L’année suivant la reprise, une mission primaire et une secondaire sont effectuées en moyenne par jour ainsi que deux cent cinquante transferts sanitaires entre hôpitaux universitaires dans la région bruxelloise. 36% des interventions concernent des blessés graves, 26% des accidents cardiovasculaires et 10% des urgences impliquent des nourrissons en couveuse. Comme au début en 1985, chaque transport est facturé 90 bf/km (2,25 Euros) au patient soit le même tarif que pour un déplacement en ambulance.

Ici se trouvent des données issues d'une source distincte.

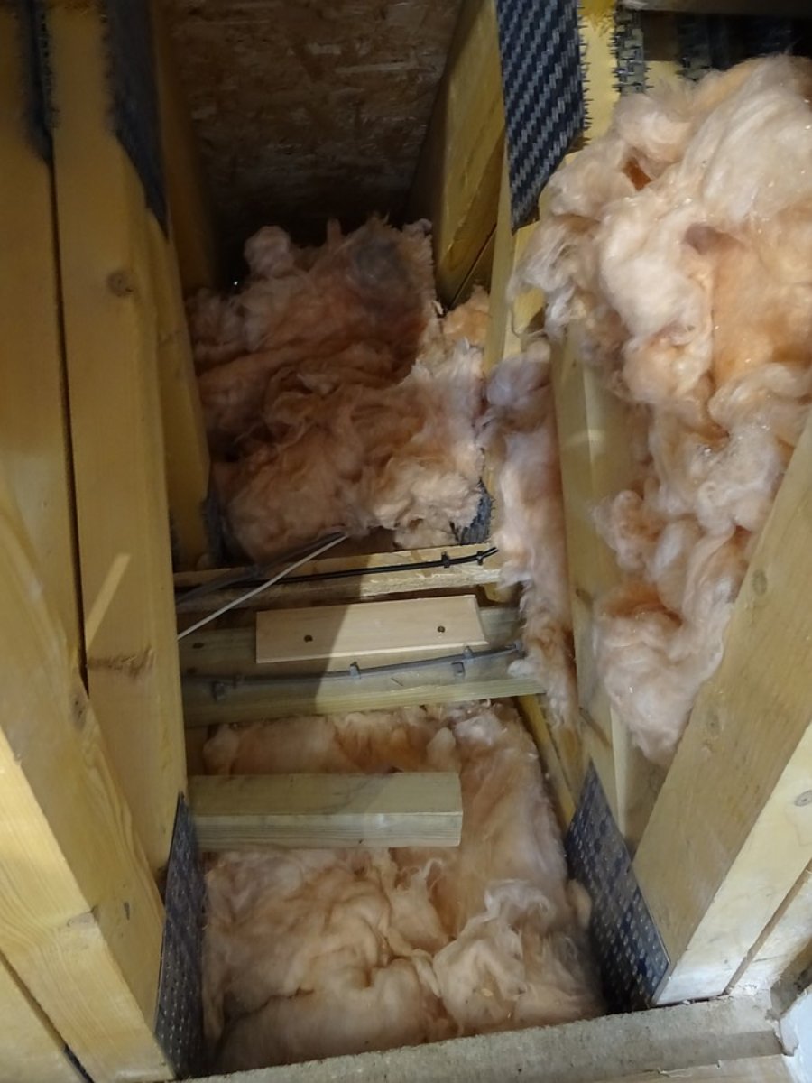 Some cable tidying and securing. I attached a wooden "pad" near the cables to stop them getting crushed if the trap was somehow to fall off the wall.

 Fin 1989, le ministre Busquin en charge de la Santé publique refuse à son tour de signer la convention pour l’intégration dans le service national 100 car il estime superflu l’assistance par hélicoptère vu l’important réseau routier belge. Les sponsors ne désirent plus apporter de subsides à l’association et celle-ci cesse ses activités en janvier 1990. D’autres initiatives privées de secours aérien se mettent cependant en place dans les années suivantes mais ceci mérite un autre article.
 


(1) ACS composée de volontaires, cette organisation active depuis 1969 est la première du genre en Belgique à se spécialiser dans le secours médical urgent pour l’entièreté du territoire national.